|

Karar Ergenekon'un hâlâ canlı olduğunu gösteriyor

Hrant Dink davasını yakından takip eden avukatlardan Erdal Doğan, mahkemenin davanın başında 'ihsas-ı rey'de bulunduğunu söyledi. Kararı, Ergenekon örgütünün hâlâ canlı olmasına bağlayan Doğan; “Ergenekon'un varlığını hem fikri düzeyde hem de çeşitli çıkarlar nedeniyle halen çok etkin olarak sürdürdüğünü düşünüyorum” dedi.

00:00 - 19/01/2012 Perşembe
Güncelleme: 23:41 - 18/01/2012 Çarşamba
Yeni Şafak
Karar Ergenekon'un hâlâ canlı olduğunu gösteriyor
Karar Ergenekon'un hâlâ canlı olduğunu gösteriyor
Önceki gün Hrant Dink bir kez daha öldü. Mahkeme heyeti, cinayeti terör örgütü değil bireysel bir cinayet olarak gördü ve biri “suça itilmiş”, diğeri “suça iten” iki çocuk dışında herkes beraat etti.

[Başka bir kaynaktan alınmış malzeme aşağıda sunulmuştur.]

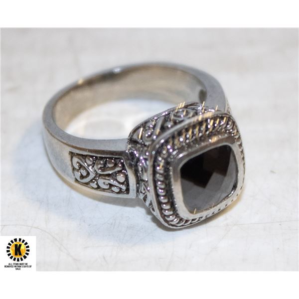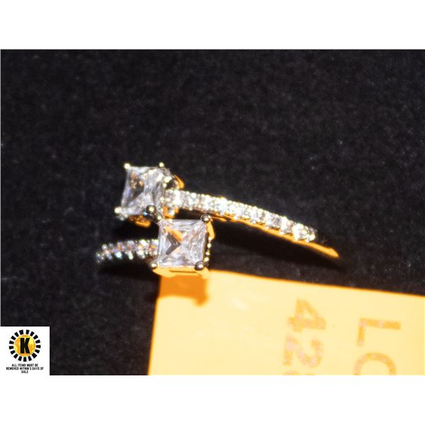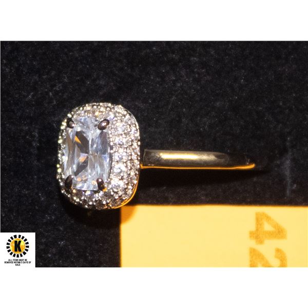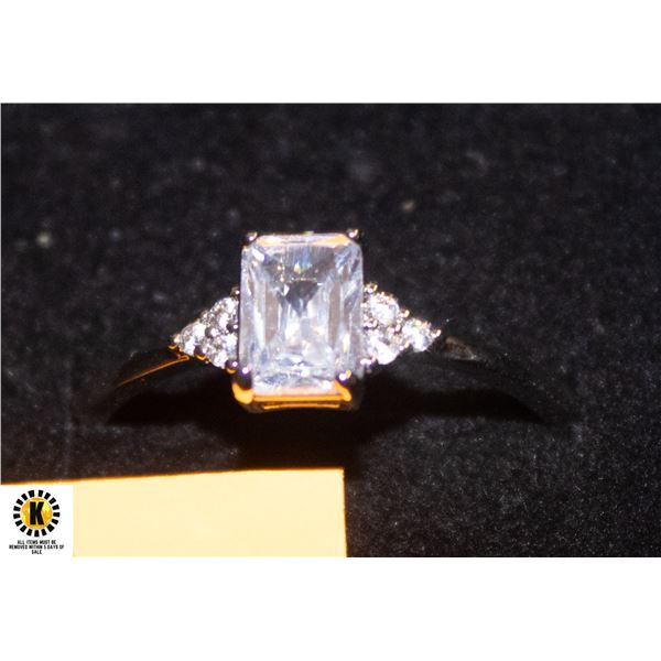 SIZE 7.5 LADIES BLUE AND CLEAR STONE RING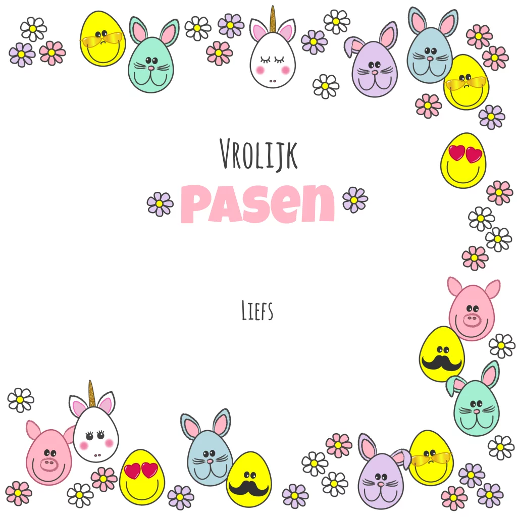 Paaskaart met je eigen foto en een vrolijke fotokader van bloemen en emoji-icoontjes paaseitjes. De foto is gemakkelijk te vervangen.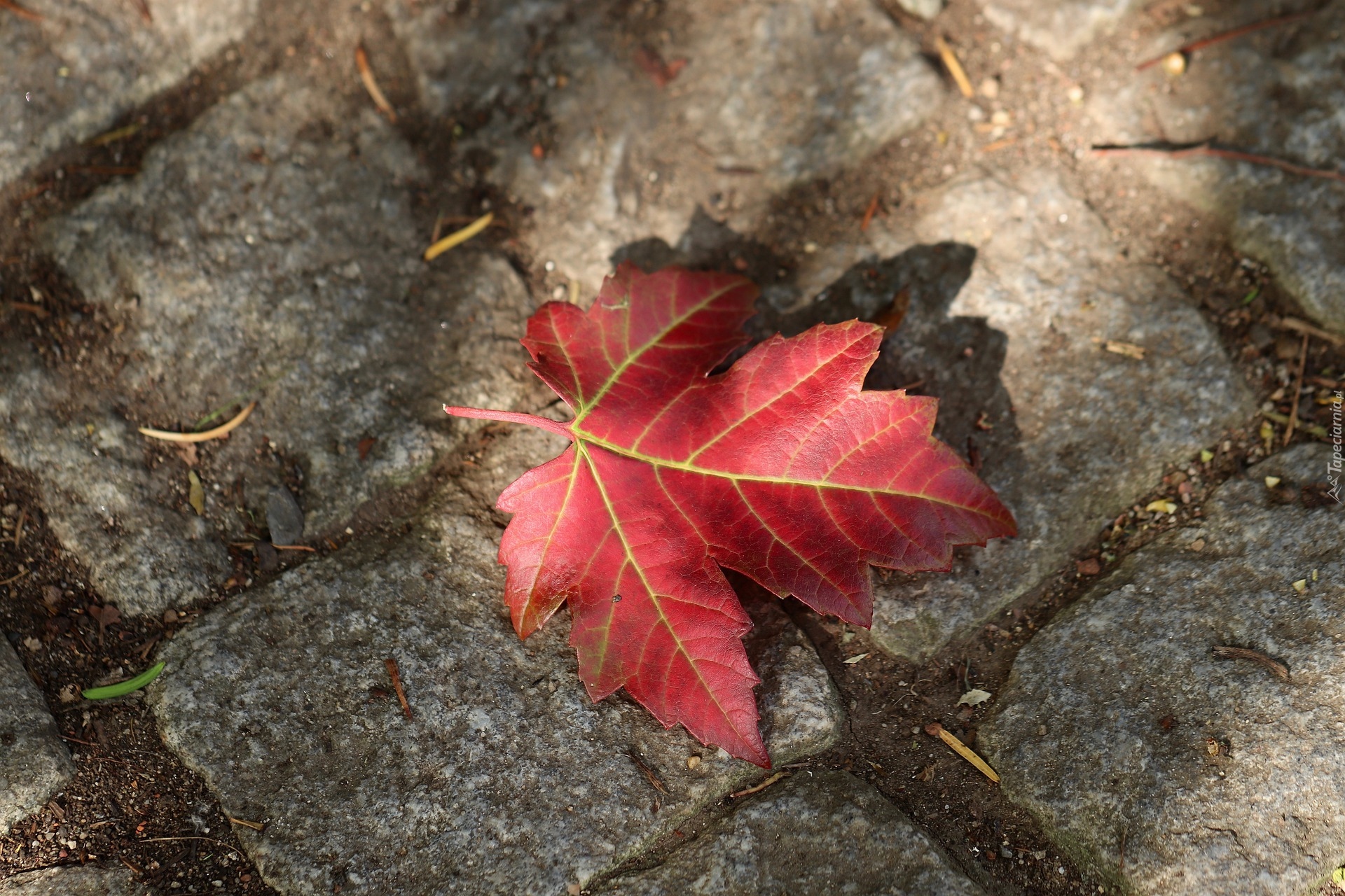 Edytor tapety: Czerwony liść klonu na kostkach brukowych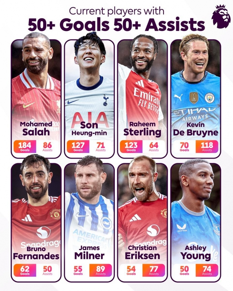 2025-03-19 14:46:20英超当前有8人进球助攻均50+:萨拉赫领衔,孙兴慜、B费在列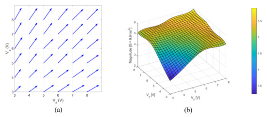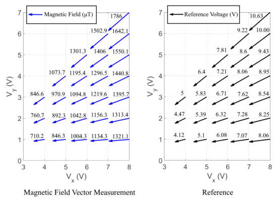 Figure 7 shows two quiver plots. The left one is for the mean magnetic field vector measurements by (, ), and the right one is for the reference voltage vector formed directly by (, ). The average angle difference between the mean magnetic field vector and the reference voltage vector was 1.72 ± 0.3. Additionally, we calculated the ratio of absolute values for the measured magnetic field vector and the largest voltage vector at = (8,7) V, denoted as = 168.02 T/V. We converted the voltage vector to magnetic field scale by multiplying by . The average difference between the mean magnetic field vector and the converted reference voltage vector was 27.97 ± 5.13 T.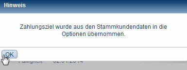 Haben Sie in der Stammadresse ein Zahlungsziel eingetragen, so erscheint beim Erstellen jeder neuen Rechnung für diesen Kunden ein Hinweis, den Sie mit OK bestätigen müssen.

Peki neden? Ne eksik kaldı, neyi yapmadık da böyle bir karar çıktı? Bu soruları Hrant Dink davasını yakından takip eden ve Malatya Zirve Katliamı davasında müdahil avukat olan Erdal Doğan ile konuştuk.


Mahkeme kararını nasıl buldunuz?

Kararı çoğu kişi gibi ben de önce şaşkınlıkla karşıladım. Çünkü halen kaldırımda yüz üstü yatan Hrant'a bir öldürücü kurşun da, sözde katillerini arayıp, bulacak ve cezalandıracağı beklenen mahkemeden gelmişti. İlk şaşkınlıktan sonra da bu kez de neden şaşırdığıma şaşırdım! Çünkü Hrant Dink'i katledenleri araştırmakla sorumlu soruşturma savcılarının tetikçilerden öteye gitmeyen beş yıllık ısrarını, yine ilk zamanda bu cinayette örgütün olmadığına dair kararını vermiş mahkemesi varken, yine ilk celselerde bilgisayarında oyun oynamakla meşgul önceki duruşma savcısının davaya olan ilgisizliği, hükümetin tetikçileri bulduk daha ne istiyorsunuz deyip sonra başını kuma sokan havalarında ne değişmişti ki; ben şaşırmıştım?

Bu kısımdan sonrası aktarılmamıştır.